What does Word2Vec actually do?
Word2Vec is an NLP technique that learns numerical vector representations of words based on their surrounding words, so that similar words have similar vectors.
That is
If two words appear in similar sentences, Word2Vec makes their vectors similar.
Example:
- happy appears near excited
- pizza appears near burger
So Word2Vec learns:
- happy ≈ excited
- pizza ≈ burger
Word Embeddings as Feature Representation
Suppose we consider such values, for each feature
| Feature / Word | Boy | Girl | King | Queen | Apple | Mango |
| Gender | -1 | 1 | -0.95 | 0.93 | 0.01 | 0.05 |
| Royal | 0.01 | 0.02 | 0.95 | 0.96 | -0.02 | 0.02 |
| Age | 0.03 | 0.02 | 0.75 | 0.68 | 0.95 | 0.96 |
| Food | ~0 | ~0 | ~0 | ~0 | High | High |
| … | … | … | … | … | … | … |
| Dimension n | … | … | … | … | … | … |
Let us take our vocabulary:
Boy, Girl, King, Queen, Apple, Mango
In a hypothetical world (just for understanding), we can imagine that Word2Vec learns features like:
- Gender
- Royal
- Age
- Food
- … many more (actually ~300 dimensions in real models)
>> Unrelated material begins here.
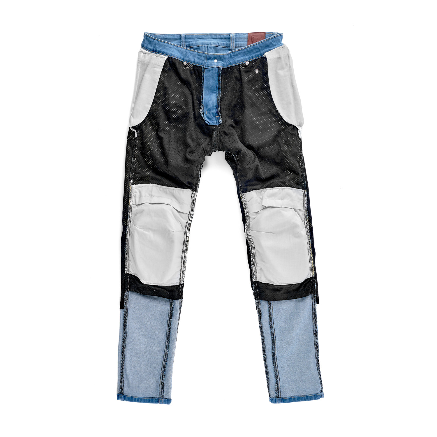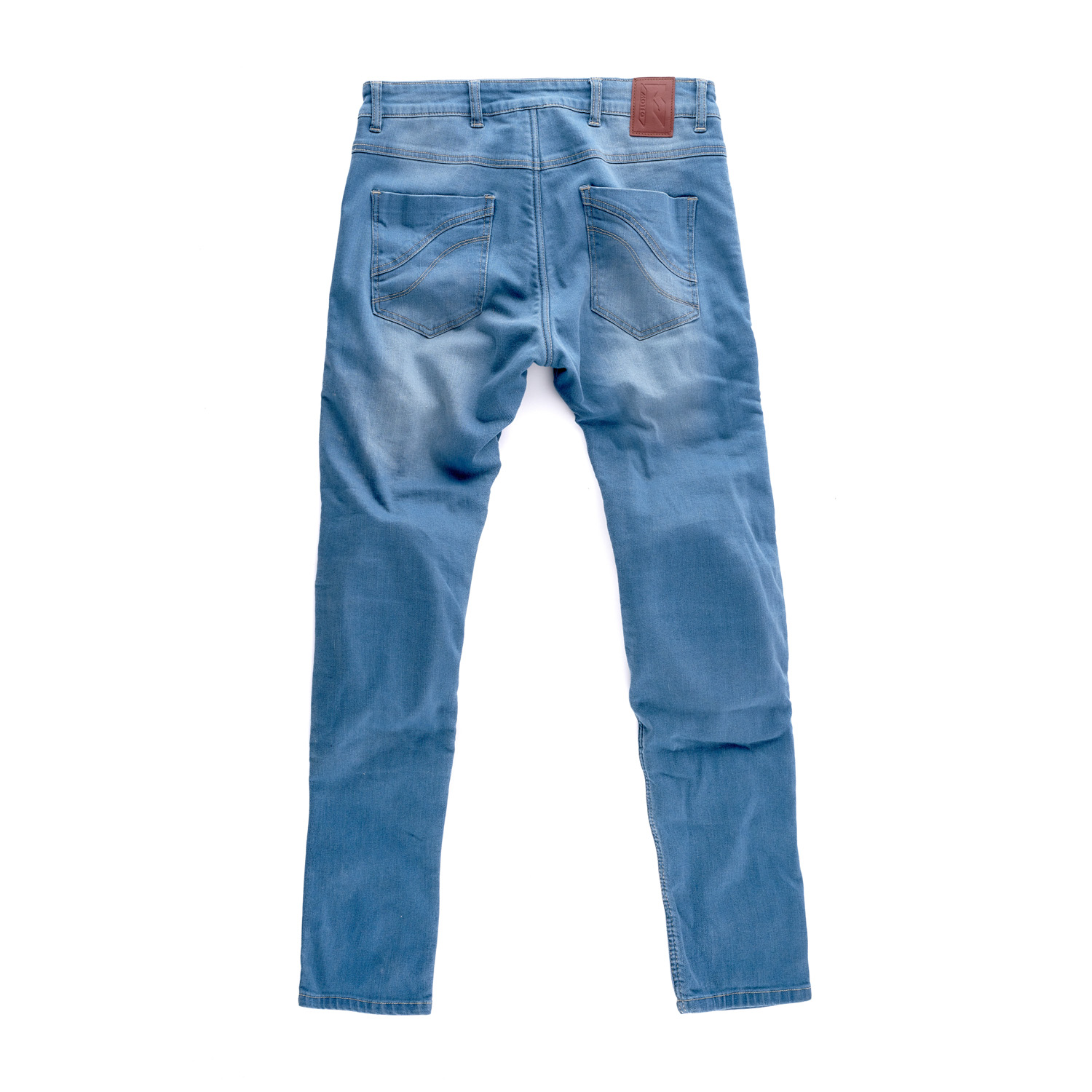 - Кевларовые вставки с внутренней стороны джинсов в задней части джинсов, по бокам от талии и до колен, в передней части джинсов в зоне колен

Each word gets a score for every feature.
What does our table show?
Each column is a word.
Each row is a hidden feature.
For example:
🔹 Gender feature
- Boy → −1 (male)
- Girl → +1 (female)
- King → −0.95 (male)
- Queen → +0.93 (female)
- Apple, Mango → near 0 (no gender)
So Word2Vec learns:
👉 Boy ≈ King (both male)
👉 Girl ≈ Queen (both female)
🔹 Royal feature
- King, Queen → very high values (~0.95)
- Boy, Girl → near zero
- Fruits → near zero
So the model understands:
👉 King and Queen are related by royalty.
🔹 Age feature
- King, Queen → higher (adult)
- Boy, Girl → lower (young)
So:
👉 King ≠ Boy (main difference is age).
🔹 Food feature
- Apple, Mango → high
- Humans → near zero
So:
👉 Apple ≈ Mango (both fruits).
What do we observe?
From these numbers, Word2Vec automatically learns:
- King, Queen are similar (royalty)
- Boy, Girl are similar (human + young)
- Apple, Mango are similar (food)
- King and Prince would be similar except for age (if Prince existed)
Meaning Arithmetic
Because meaning is stored as numbers, we can do math:
- King = Royal + Male + Adult
- Queen = Royal + Female + Adult
So:
King − Male + Female ≈ Queen
This is why Word2Vec can perform:
king − man + woman ≈ queen
It works because each vector contains semantic features.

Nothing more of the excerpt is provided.